Of course, you'll need a desk and space for a desktop so it might all be moot
Does this seem like a good recommendation? Sounds like it beats the Razer Blade and the Blade Stealth with Core, as well as the MSI GS36VR.
Performance wise it's great. I'm not a gamer but as an engineer and a side hobby of photography, i need the graphics power to run CAD software and Adobe Lightroom/Photoshop. Also need the computing power to do programming. Laptop never really gave me problems on those fronts, and can handle running CAD duplicated on a TV. Perhaps not the most intensive usage of the laptop's capabilities, but i'm confident it will run higher loads perfectly fine.
Aside from screen and performance etc, i think keyboard, trackpad, wifi module, and other small things are important considerations. Razer has great build quality and i feel that the small details are worth the premium.
Oh yea, i use the 1080 non-touchscreen version because it's cheaper and supposedly has better colour accuracy than the touchscreen version. I came from using a 3K screen (HP x360 Spectre) and haven't missed the higher resolution. To me, not much of a difference in resolution, but a big difference in colour representation.

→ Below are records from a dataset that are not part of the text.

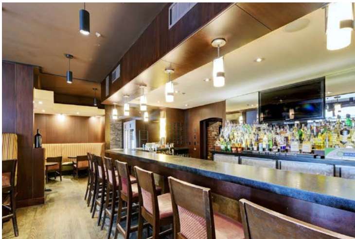
Lounge & Bar
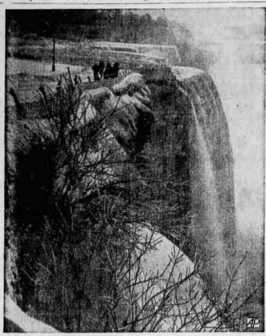
Winter Wonderland-Visitors to Niagara Falls brave a cold wind to view Prospect Point Gorge in winter dress from the Ice-crusted parapet alongside the American Falls.
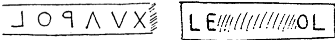
Fig. 5. Tile stamps of legio XV Apollinaris from Satala (Mitford 1997, 142 nos. 5 and 2).

The military nature of the find spot and the Latin letters leave little doubt that we are dealing with fragments of tile stamps produced by a military unit. Most likely, this was legio XV Apollinaris , the legion stationed nearest to Apsarus. This legion was transferred to Satala in Armenia Minor (and thus to the command of the Roman governor of Cappadocia) at the beginning of Hadrian's reign, and is still attested there at the end of the fourth century. 19 At its base at Satala, the legion produced similar tile stamps reading LEGXV APOL (Fig. 6): 20
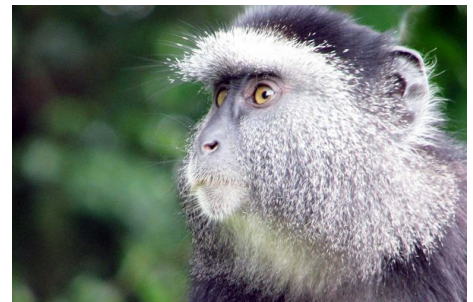
Blue Monkey: One of seven species of primates found in Kakamega forest that is threatened with extinction as the forest becomes smaller.
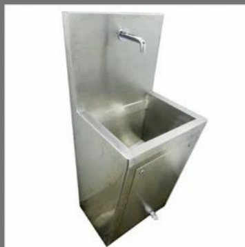
Single Surgical Scrub Sink
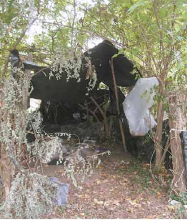
Perennial homeless camps along Quander Brook create unsanitary conditions contaminating the stream with trash and wastes. Such camps are not permitted on Fairfax County Parkland where enforcement keeps such activity in check.

When seeking the transfer of the SEE FUTURE, PAGE 14
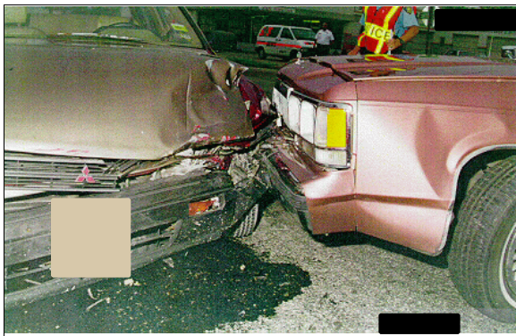
Figure 5: On-scene at final rest, looking across the case vehicle's front from the left and showing the Mitsubishi's front left area (case photo #05)
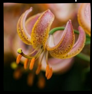
FAIRY MORNING Ht: 2'-4' $24
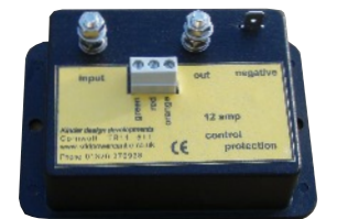
remote circuit breaker

Operation is the same as any other switch on the panel, switch on and the indicator light will show operation, if the remote circuit breaker trips, the warning light comes on. To reset a tripped breaker, switch off and wait 1 a minute, the circuit breaker will reset if the fault is not permanent. If the circuit breaker fails to reset there is a permanent fault that needs correction, the circuit breaker will then reset.
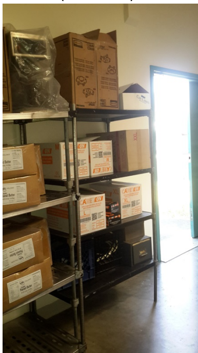
Dry Storage- Nitrile Gloves- 15lbs.

The fan outlets are on the underside of the laptop though. For this reason, there are two long and thick rubber strips running the length of the laptop on the bottom to prop the laptop up. However, when i'm at home, i prop it up further with laptop cooling balls or whatever they're called. Not sure if it really helps much, but just gives me a peace of mind.
Easily enough for OS, apps and documents. I actually keep my word documents on it for no reason other than they're tiny - probably bad management on my part, but it's fast! I keep my games (all two of them!) on the hdd.
And it's less nickable - our flat was burgled in the first year despite automatic locks on the doors (some housemates were regularly locked out) and my shed in the second or third year (also locked) was smashed open for a bike. Students make for a common target, even if it is still very unlucky to be targeted. A desktop is just far less likely to be stolen because it's a pain in the arse.
Obviously laptops are more portable now, but I really wouldn't want to carry around something so expensive where it could be accidentally left on a bus (it does happen), dropped or stolen. A small netbook type jobby is super cheap, longer battery life and way more portable while allowing productivity. Back up the documents to Google drive for instant backup and access on the more powerful computer back home.
All imo and such. There is the logistical challenge of where it goes and how to get it there, of course. But it's definitely worthy of consideration.
But you do have think hard about what you need.
I built a PC 3 years go (i7 4770S) but cheapes out on the Motherboard which doesn't have enough USB slots so have to have extenders/Hubs.